Sérgio Biagi Gregório

RESUMO: 1. Introdução. 2. Conceito. 3. Histórico. 4. Causas do Suicídio: 4.1. Perspectiva Biológica; 4.2. Teorias Psicológicas; 4.3. Sentido Sociológico. 5. Estatística. 6. Centros de Prevenção. 7. Doutrina Espírita: 7.1. Anotações Extraídas das Obras Básicas de Allan Kardec; 7.2. Anotações Extraídas das Obras Complementares; 7.3. Reflexões Baseadas nos Pressupostos Espíritas. 8. Conclusões. 9. Bibliografia Consultada.

1. INTRODUÇÃO

Quais são as causas que nos levam a tentar o suicídio? Por que um indivíduo apodera-se da direção de um avião e se transforma num homem-bomba? Tem o homem o direito de tirar a sua própria vida? Por que? Quais as conseqüências deste ato fatal na vida humana? Estas são, entre muitas outras, questões vitais para o entendimento do problema do suicídio. O nosso objetivo é analisar o tema segundo os pressupostos espíritas.

2. CONCEITO

Dado que o suicídio afeta todos os aspectos da vida humana, ele deve ser estudado levando-se em conta os componentes físicos, sociais, mentais etc. e que, em conseqüência, obedece a uma causação múltipla. A cada um desses componentes corresponde um ângulo de análise, e a cada ângulo, uma definição patológica, sociológica, moral, filosófica etc. Estas não devem ser necessariamente contraditórias, mas complementares. (Silva, 1986)

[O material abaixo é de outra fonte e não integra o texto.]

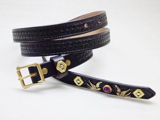 ■商品名:ナローベルト/バスケットスタンプ/ツバメ・スタッズ/オーダー品

De um modo geral, define-se suicídio como a ação pela qual alguém põe intencionalmente termo à própria vida. É um ato exclusivamente humano e está presente em todas as culturas.

Do ponto de vista da Doutrina Espírita, o suicídio é considerado um crime, e pode ser entendido não somente no ato voluntário que produz a morte instantânea, mas em tudo quanto se faça conscientemente para apressar a extinção das forças vitais. Importa numa transgressão da Lei Divina. É sempre uma falta de resignação e de submissão à vontade do Criador. (Equipe da FEB, 1997)

3. HISTÓRICO

Percorrendo a história da humanidade, notamos que na Antigüidade os hebreus foram os que menos cometeram o suicídio. As Escrituras registram apenas o suicídio de Abimileque, de Saúl, de Aquitofel, de Zambri e pouco mais.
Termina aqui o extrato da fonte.